Former Kenya Army Commander, Lieutenant General (Rtd) Lazarus Sumbeiywo has revealed that one of the last wishes of the late Retired President Daniel Arap Moi was to have peace and stability restored in the turmoil-hit Somalia.
Lt. General Sumbeiywo told mourners during the burial service of the former Head of State held at his Kabarak home in Nakuru County on Wednesday that Moi was always saddened that though several meetings had been held to end the anarchy in Somalia, warring factions had continued to cause huge losses of human lives and property.
“Long after he retired, he would always tell me whenever we met that it was his daily prayer to God that Somalis wake up to the reality of what is happening on the continent and reconcile with each other.
“Whenever he met factional leaders he always prevailed upon them to put down the weapons of war and embrace the promise of peace,” said the former Army Commander.
He told mourners that Moi was disappointed that though Kenya was instrumental in the birth of South Sudan through the Second Sudanese Civil War and the Comprehensive Peace Agreement that was finally signed in 2005, the country slid in yet another orgy of lawlessness pitting supporters of President Salva Kiir and his former Vice President, Dr. Riek Machar.
In 2002 Moi appointed General Sumbeiywo as Kenya’s Special Envoy to the Inter-Governmental Authority on Development (IGAD), a regional organization for the Horn of Africa. In this position, he was the lead mediator in the Sudanese North-South peace process.
“When you share happy times and calamitous times with a man, a bond is effected that not even time is able to ravage. I and Moi shared the vision of a peaceful, united Sudan and we had single-mindedly committed ourselves to that cause,” he reminisced.
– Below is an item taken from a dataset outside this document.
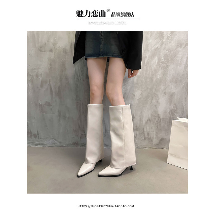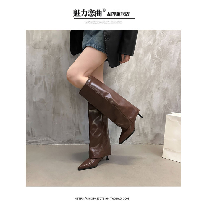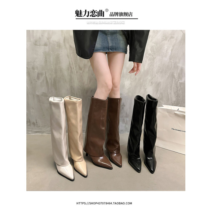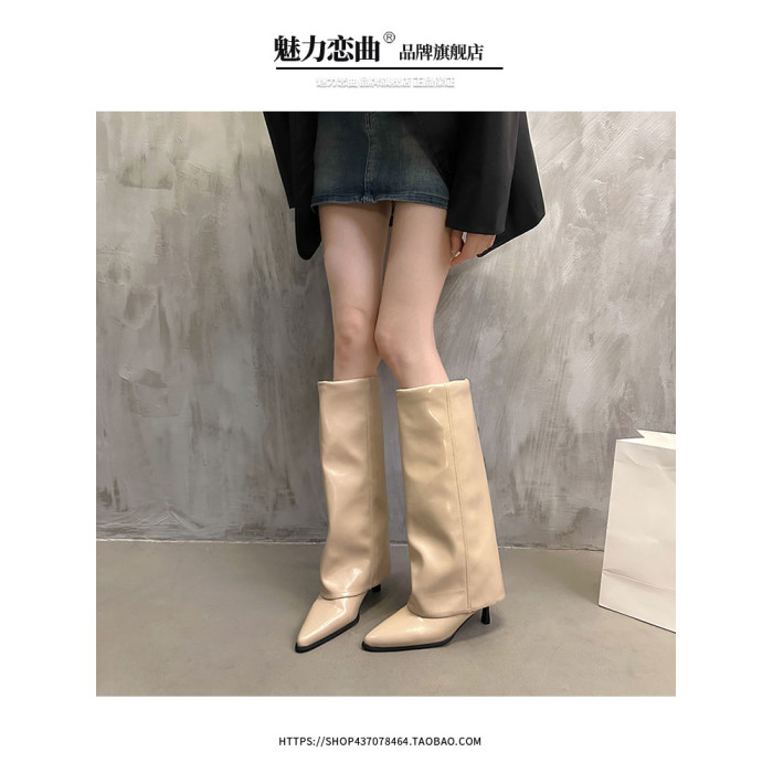 漆皮褲琯靴尖頭高筒細跟高跟長筒靴不過膝長靴子女秋冬辣妹騎士靴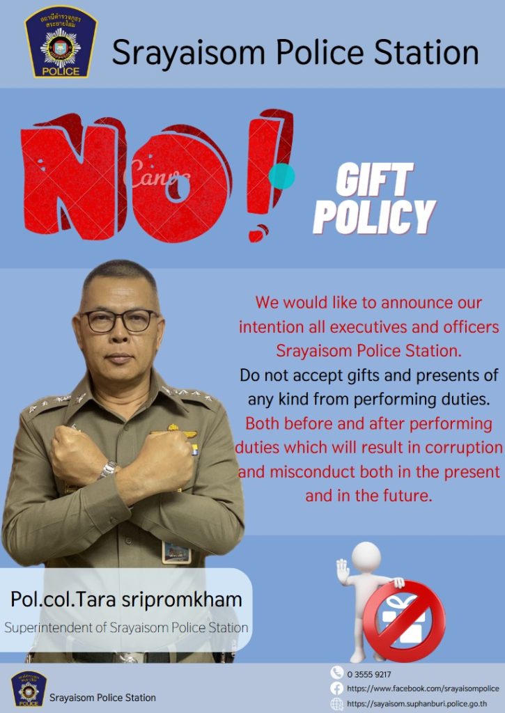 - ประกาศสำนักงานยุทธศาสตร์ตำรวจเรื่องเจตนารมณ์ที่จะไม่รับของขวัญหรือของกำนัลทุกชนิดจากการปฏิบัติหน้าที่

General Sumbeiywo noted that former Head of State was also involved in mediation between various conflicting sides in Uganda, Congo, Somalia, Chad, Sudan, Mozambique, Eritrea-Ethiopia, Rwanda, and Burundi.
“Moi was invited as President to provide peacekeeping forces in troubled parts of the world such as Chad, Uganda, Namibia, Mozambique, Iran-Iraq, Kuwait, Yugoslavia, Liberia, Morocco, Angola, Serbia-Croatia, D.R. Congo, Sierra Leone and East Timor,” he noted.
“At different fora, he stressed that unless Africans cemented their unity and solidarity, solutions to the many internal and external problems afflicting the continent would remain elusive,” said the former Army Commander.
General Sumbeiywo told mourners that Moi was convinced the only way to end violent cultural practices such as armed cattle rustling activities and inter clan conflicts was through promotion of education.
He said that the former head of state was instrumental in mediating peace between members of the Samburu, Pokot and Turkana communities who were perennially in armed combat against each other.
Sumbeiywo hailed Moi for being instrumental in the revival of the East African Community that had collapsed in 1977, and together with Tanzania’s then President Benjamin Mkapa and Uganda’s Yoweri Museveni, they signed it back to life.
Moi was further eulogized as regional peace marker and praised for convening peace negotiations in Nairobi in 1985 between then Ugandan leader, Gen Tito Okello and Museveni.
“He reached out to his counterparts in the region and initiated and pushed various peace processes and especially through Inter-governmental Authority on development (IGAD), to incorporate peace building and deal with issues related to drought and desertification in the Horn Africa,” he said.
“Moi also understood that it was only through the East African Community that sustainable social and economic growth could be achieved,” stated the retired army commander.